Input data >>
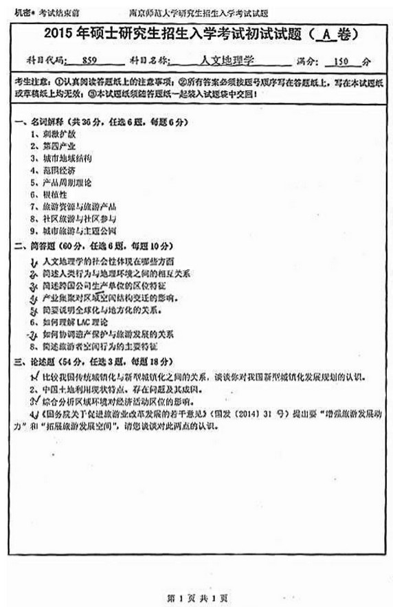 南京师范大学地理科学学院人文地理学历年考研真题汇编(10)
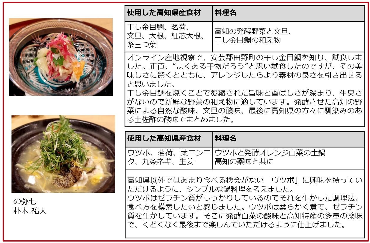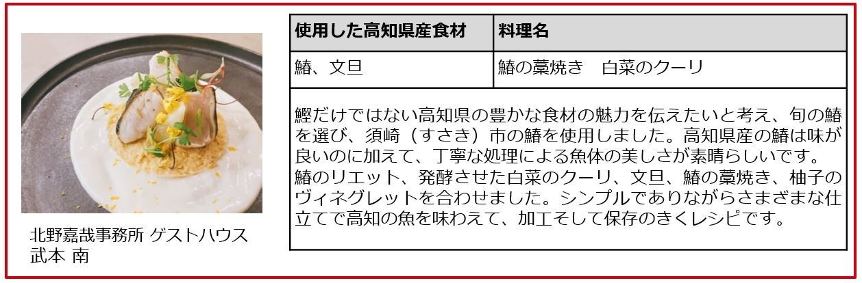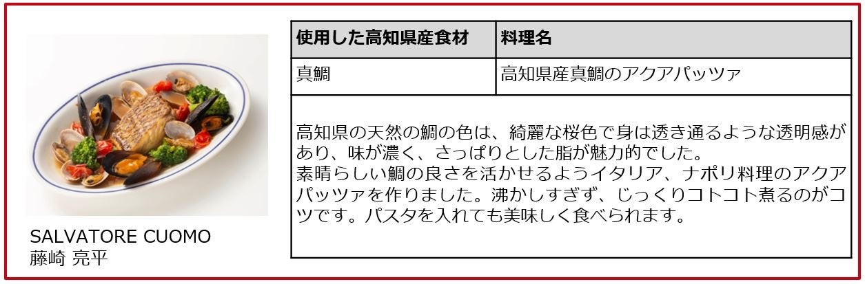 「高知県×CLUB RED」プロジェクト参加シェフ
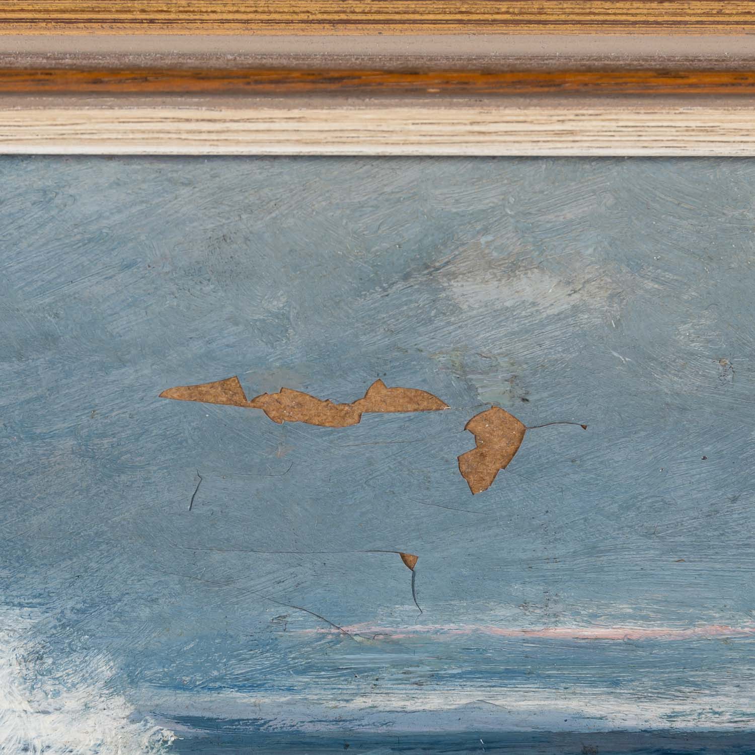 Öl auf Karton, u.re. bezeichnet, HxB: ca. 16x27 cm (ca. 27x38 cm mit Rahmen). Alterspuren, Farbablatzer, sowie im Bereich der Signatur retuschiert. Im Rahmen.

Task goal >> Copy all of the data above exactly. Leave out every picture.

Answer for the task >>
 南京师范大学地理科学学院人文地理学历年考研真题汇编(10)
 「高知県×CLUB RED」プロジェクト参加シェフ
 Öl auf Karton, u.re. bezeichnet, HxB: ca. 16x27 cm (ca. 27x38 cm mit Rahmen). Alterspuren, Farbablatzer, sowie im Bereich der Signatur retuschiert. Im Rahmen.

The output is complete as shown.